If a record holds a picture, skip the picture but print everything else exactly.

========================================================================

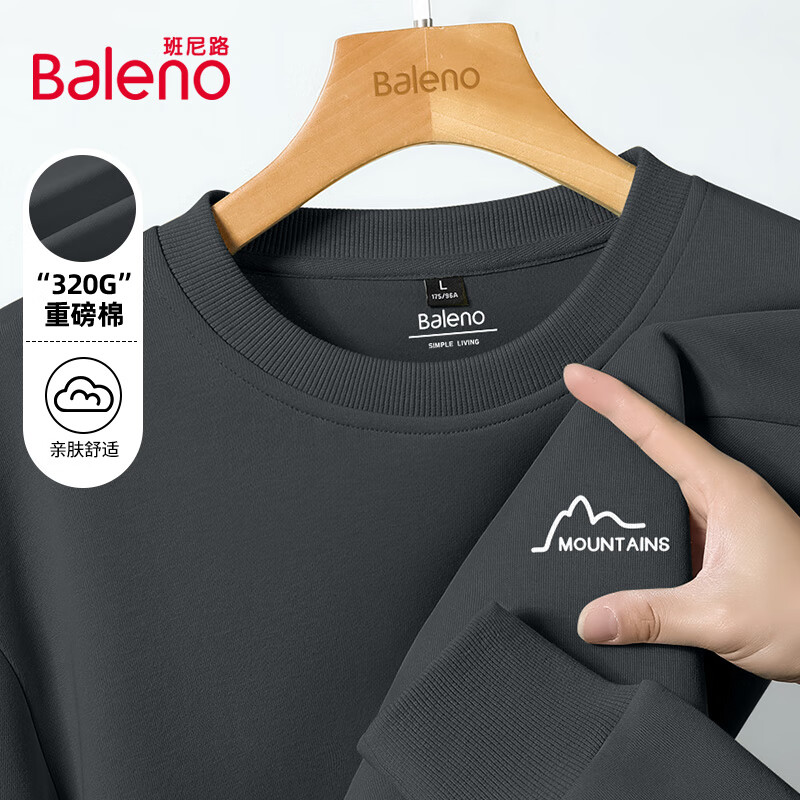 班尼路(Baleno)圆领卫衣男320G重磅简约百搭春秋季长袖上衣宽松大码情侣外套
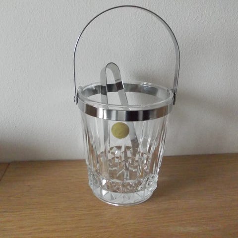 Vintage isspand i kraftigt glas med mønster og metalhank. Der følger en simpel metal-istang med riller i enden.
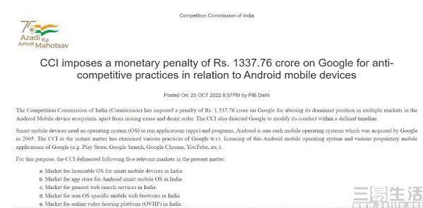 最近这段时间,印度监管机构又开始频频针对海外厂商,包括谷歌这样的跨国巨头也未能幸免。日前,印度竞争委员会(CCI)方面宣布,对谷歌处以133.8亿印度卢比(约合1.615亿美元)的罚款,原因是其滥用在Android移动设备生态系统中多个市场的主导地位,并责令谷歌改正行为、开放Android生态系统进行竞争。
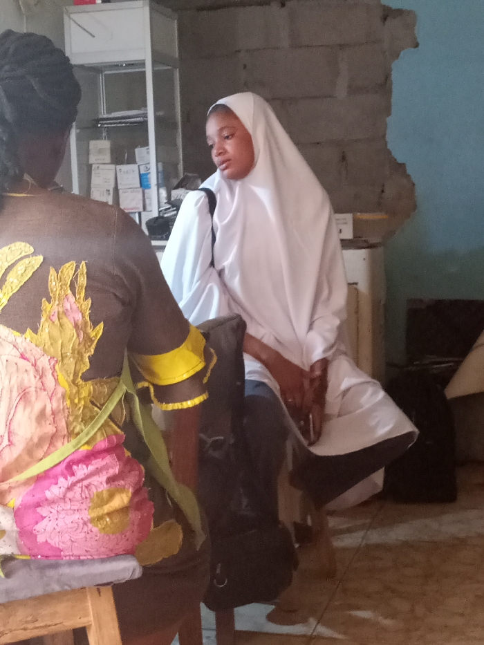 A woman in a brown and pink floral-patterned dress with yellow sleeve accents sits to the left. Next to her, a young woman in a white hijab and jeans sits with her hands clasped. A black bag leans against their chairs. Behind them is a room with a medical cabinet and a damaged wall.
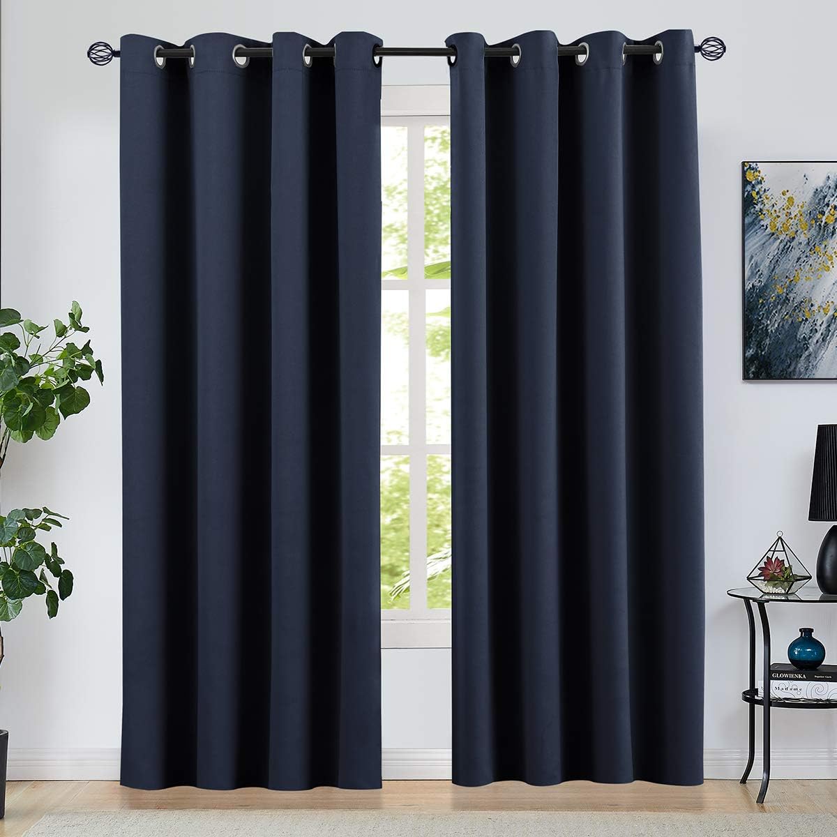 Vertkrea stripe window curtain striped room window treatment grommet curtains 52 × 63 inches stripes drapes for bedroom living room, blue, set of 2 panels.
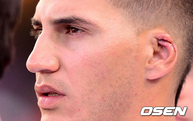 경기에 앞서 다저스 게레로가 경기를 준비하고 있다. 게레로는 지난 5월 21일 마이너리그 트리프A 앨버커키 소속으로 유타주 솔트레이크에서 경기를 갖던 중 베테랑 포수 미구엘 올리보와 벌어진 싸움에서 귀를 물어 뜯겼다. 게레로는 이로 인해 플라스틱 보형 수술을 받아야 했다. 올리보는 방출.
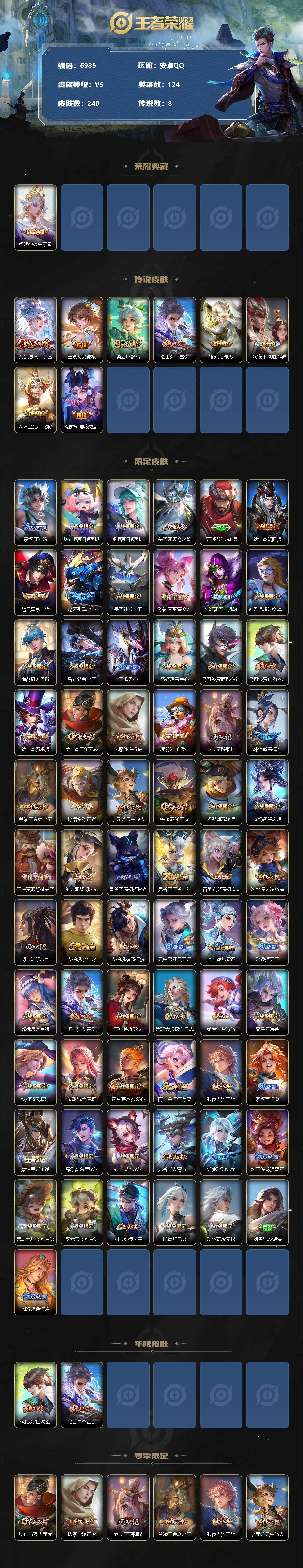 - [12258425]V8 1典藏 10传说 124英雄 260皮肤 可修改实名 优质装备:鸣剑·曳影,云鹰飞将(小将军),久胜战神,炽阳神光,地狱之眼,超时空战士-狄仁杰,无双飞将,琥珀纪元马超,涂山容容 珍宝阁皮:蔷薇恋人,玩趣恶龙 限定皮:鸣野蒿,至尊宝,飞衡(韩信年限),匿光决锋者,五谷丰年,梁祝,御风骁将(吕布年限),孙行者,寅虎·赤拳(老虎年限),山海·玄木吟(马可年限) 史诗皮:赞萌露比,龙之律动,百相守梦-黄忠,东方月初,决胜骁骑,蔬乡物语(鲁班七号),遇见神鹿,紫霞仙子,黄金分割率,特工魅影,千年之狐,永昼,冰冠公主,江河有灵,青蛇,百解令(蒙犽),高渐离燃音魔法,电玩·爆裂旋风,晚萤,偶像歌手,匿光破解者,末日机甲-吕布,猫狗日记-孙策,猫狗日记-大乔,乱世虎臣,节奏热浪,修罗,女仆咖啡,水果甜心,绅士熊喵,星夜王子,功夫厨神,德古拉伯爵,暗隐猎兽者,幽灵船长,鬼剑武藏,心灵战警,舞动绿茵,地狱岩魂,诗语江南,拒霜思,缤纷独角兽,逐浪之夏,水晶猎龙者,曙光守护者,热力回旋,箭羽风息,唤灵魅影,金属风暴,圣诞狂欢,鹰眼统帅,魅力维加斯,赏金猎手,无心,未来纪元-赵云

========================================================================

TASK ANSWER
 班尼路(Baleno)圆领卫衣男320G重磅简约百搭春秋季长袖上衣宽松大码情侣外套
 Vintage isspand i kraftigt glas med mønster og metalhank. Der følger en simpel metal-istang med riller i enden.
 最近这段时间,印度监管机构又开始频频针对海外厂商,包括谷歌这样的跨国巨头也未能幸免。日前,印度竞争委员会(CCI)方面宣布,对谷歌处以133.8亿印度卢比(约合1.615亿美元)的罚款,原因是其滥用在Android移动设备生态系统中多个市场的主导地位,并责令谷歌改正行为、开放Android生态系统进行竞争。
 A woman in a brown and pink floral-patterned dress with yellow sleeve accents sits to the left. Next to her, a young woman in a white hijab and jeans sits with her hands clasped. A black bag leans against their chairs. Behind them is a room with a medical cabinet and a damaged wall.
 Vertkrea stripe window curtain striped room window treatment grommet curtains 52 × 63 inches stripes drapes for bedroom living room, blue, set of 2 panels.
 경기에 앞서 다저스 게레로가 경기를 준비하고 있다. 게레로는 지난 5월 21일 마이너리그 트리프A 앨버커키 소속으로 유타주 솔트레이크에서 경기를 갖던 중 베테랑 포수 미구엘 올리보와 벌어진 싸움에서 귀를 물어 뜯겼다. 게레로는 이로 인해 플라스틱 보형 수술을 받아야 했다. 올리보는 방출.
 - [12258425]V8 1典藏 10传说 124英雄 260皮肤 可修改实名 优质装备:鸣剑·曳影,云鹰飞将(小将军),久胜战神,炽阳神光,地狱之眼,超时空战士-狄仁杰,无双飞将,琥珀纪元马超,涂山容容 珍宝阁皮:蔷薇恋人,玩趣恶龙 限定皮:鸣野蒿,至尊宝,飞衡(韩信年限),匿光决锋者,五谷丰年,梁祝,御风骁将(吕布年限),孙行者,寅虎·赤拳(老虎年限),山海·玄木吟(马可年限) 史诗皮:赞萌露比,龙之律动,百相守梦-黄忠,东方月初,决胜骁骑,蔬乡物语(鲁班七号),遇见神鹿,紫霞仙子,黄金分割率,特工魅影,千年之狐,永昼,冰冠公主,江河有灵,青蛇,百解令(蒙犽),高渐离燃音魔法,电玩·爆裂旋风,晚萤,偶像歌手,匿光破解者,末日机甲-吕布,猫狗日记-孙策,猫狗日记-大乔,乱世虎臣,节奏热浪,修罗,女仆咖啡,水果甜心,绅士熊喵,星夜王子,功夫厨神,德古拉伯爵,暗隐猎兽者,幽灵船长,鬼剑武藏,心灵战警,舞动绿茵,地狱岩魂,诗语江南,拒霜思,缤纷独角兽,逐浪之夏,水晶猎龙者,曙光守护者,热力回旋,箭羽风息,唤灵魅影,金属风暴,圣诞狂欢,鹰眼统帅,魅力维加斯,赏金猎手,无心,未来纪元-赵云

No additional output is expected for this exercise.